Friday, November 18, 2016

Keeping Family When You Don't Keep Christmas

An interesting article from http://www.ucg.org/ about family estrangement. This follows this post about Thanksgiving. This follows this post about movies. This follows this post about music.  For a free magazine subscription or to get the books recommended for free click HERE! or call 1-888-886- 8632.

MP3 Audio (5.14 MB)
What do you do when your relationship with God seems to collide with your relationship with your family? Tell your family you’re giving up Christmas, and you’ll find out rather quickly.
Four years ago this Thanksgiving, I decided to stop keeping Christmas. I’d bought airline tickets months before to go home for the holidays, so I went. As best as I could, I tried not to acknowledge Christmas while still honoring everyone around me who was celebrating it. No one knew how to act, including me. It was awkward for all of us. When I was told that I didn’t have to come home for Christmas the following year, it was both a relief and a punch in the gut.
Why does it sometimes feel wrong to say no to Christmas, even though you know you should? For many people, Christmas traditions are wrapped up in family. It’s often the family’s largest and most-anticipated gathering. Let’s be honest—saying no to Christmas feels like saying no to family, right?
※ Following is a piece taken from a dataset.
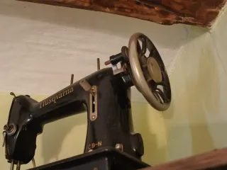 Máquina de coser antigua Husqvarna19 con pedal funciona - Fabricada en Suecia. - Incluye etiqueta de F. Mühlheim, Hutgasse 10, Basel. O cambio por un casco de moto o algo de ropa de fútbol, miro todo, también vale bien como adorno

All of the intellectual knowledge about the true origins of Christmas doesn’t keep your heart from breaking when someone asks, “Don’t you want to be with your family?”
Learn more about the Feast days, and you’ll see how very much family is on God’s mind.
I couldn’t put it into words at the time, but the root of my struggle was, “How do I maintain relationship with my family and be true to my beliefs?” It is possible, and it doesn’t involve Christmas.
There are two points to consider. One, family relationships are about more than just a single day. And two, God has a bigger plan for family than you may realize.
How do you build a relationship with your family outside of trees, tinsel, and presents? Some people join their extended family for lunch or dinner and leave before gifts and other Christmas traditions, and that works well for them. I live many hours away from my family, so dropping in for dinner is not really practical. Since long-distance visits are usually for a few days at a time, I don’t spend Christmas with my family. It’s more respectful to them, so that they can observe the practices they enjoy without awkwardness, and I’m not caught in the middle of practices that I don’t want to keep. Instead, I spend that time with my Church family, because, frankly, it can be very lonely to un-keep Christmas all by yourself.
Throughout the year, I make a point to spend time with my family at other opportunities that are meaningful to all of us: Thanksgiving, birthdays, a summer family gathering, and other special events such as graduations and weddings. I make an effort to see them more often than before so they don’t feel I’m pulling away from them. It’s Christmas I’ve rejected, not them. You can keep the commandment to honor your parents and not keep their desire for Christmas.
You should be able to answer why you are choosing not to keep Christmas. My answer is, “God has spelled out His holidays in the Bible and how to keep them, so now I keep those instead.”
God’s holidays, His holy festivals as described in Leviticus 23, illustrate the greatest story ever told—a story that features Jesus in the starring role. But His birth is only a small part of that story. Christmas misses most of the action and the dramatic conclusion. God has created special opportunities for you and your family to celebrate together throughout the year and remember the incredible story He is telling.
Learn more about the Feast days, and you’ll see how very much family is on God’s mind. God is all about family, and His days reveal more about the plan of salvation for all mankind than Christmas traditions ever could. Man’s holidays are a poor substitute for what God has in mind for you and your family: to be part of His family, together.
The first year is the hardest, but you’ll find a groove that works. You are not alone. While your journey is uniquely yours, there are many people who walk with you, all sorting out how to keep family without keeping Christmas.